Researchers at Loughborough University have been using immersive virtual reality (VR) to explore these questions and help the Department for Transport (DfT) and the Government’s Centre for Connected and Autonomous Vehicles (CCAV) understand how future self-driving taxis should be designed to keep passengers with different needs safe and supported in emergencies.
Professor Gary Burnett, an expert in digital creativity at Loughborough, and a team of researchers have developed a series of VR simulations that place participants together as avatars inside a self-driving taxi during emergency situations. The team at Loughborough can then directly observe how people respond socially when there is no human driver present in these safety-critical scenarios.
Ninety-one people with a range of protected characteristics under the Equality Act 2010 (including 81 adults and 10 children aged eight to 17) experienced the scenarios wearing VR headsets - and were asked what actions they would take, what information or features they would need to manage the situation, and how safe they felt in each emergency scenario.
“Participants experienced scenarios including a medical emergency involving another passenger, a fire inside the vehicle, flooding on the route, a collision, and a pedestrian attempting to open the taxi door”, said Professor Burnett.
“By using VR, researchers were able to safely recreate high-risk situations that would be impossible to test in the real world, while still capturing authentic emotional and behavioural responses.”
The research, funded by the Department for Transport, has been published in an online report. The findings highlight that barriers in emergencies are not only practical – such as those due to physical or sensory limitations – but are also shaped by how safe people feel, with gender, age, disability and other protected characteristics influencing how confidently passengers are able to act or seek help.
Project Director Dr Clare Mutzenich – who has recently joined Loughborough University as a Professor of Human and AI Interaction – said: “Without a human driver to guide or reassure, automated systems will need to take on a more active role in supporting people, particularly in moments of uncertainty or emergency.
“By bringing together voices that are often overlooked in transport planning, including those of disabled people, neurodivergent users, and individuals with gender or faith-related needs, this study helps lay the foundations for self-driving taxis that are not only technically capable, but genuinely inclusive, trusted and safe for everyone."
How everyday activities affect taking back control in self-driving vehicles
Alongside this work, Loughborough researchers have contributed to a second DfT and CCAV-funded project examining which non-driving activities people can safely carry out while a self-driving vehicle is driving itself, without compromising their ability to take back control when required to by the automated system.

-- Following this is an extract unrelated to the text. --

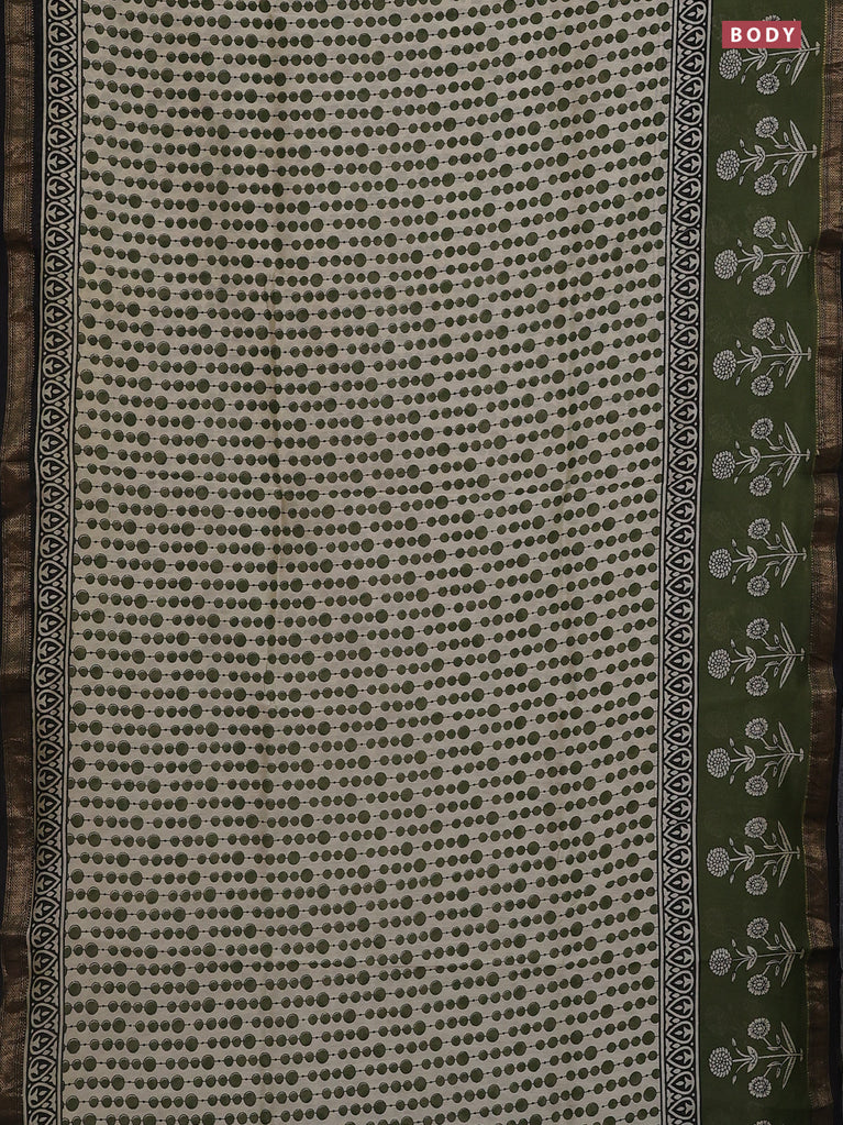 Chanderi bagru saree cream sap green and black with allover geometric prints and mageshwari border

The research, carried out in collaboration with University College London, involved 87 participants taking part in controlled driving simulator trials. During periods of self-driving, participants completed everyday non-driving related activities – such as watching videos, reading, completing puzzles, and eating or drinking – before receiving a prompt to take back control of the vehicle.
Take-back control was assessed by examining how quickly and safely participants resumed control of the vehicle, including whether they regained situational awareness by scanning mirrors and the road before starting driving and their steering, braking and lane-keeping performance once they took manual control.
A person sits behind the wheel of the Loughborough University driving simulator, which was used to explore which non-driving activities people can safely carry out while a self-driving vehicle is driving itself, without compromising their ability to take back control when required to by the automated system.
The findings, which have also been published in an online report, show that taking back control quickly does not always mean taking back control safely, with some activities affecting how well participants were able to rebuild awareness of their surroundings before resuming driving.
Dr Mutzenich said: “We found that some non-driving related activities, such as eating and drinking, were relatively easy for participants to disengage from after a takeover request. Others, however, proved much harder. In some cases, participants continued mobile phone tasks, like watching a film, even after starting manual driving.
“We also observed that very few participants looked in their mirrors before taking control, which is a crucial element of understanding the driving environment.
“Phase 2 of this research is now underway, and the focus is on testing clearer guidance for users-in-charge on what constitutes a safe and effective takeover.”
Together, the projects demonstrate how immersive technologies such as VR and driving simulators can help policymakers and designers anticipate human behaviour and design safer, more inclusive self-driving transport before such systems are introduced on UK roads.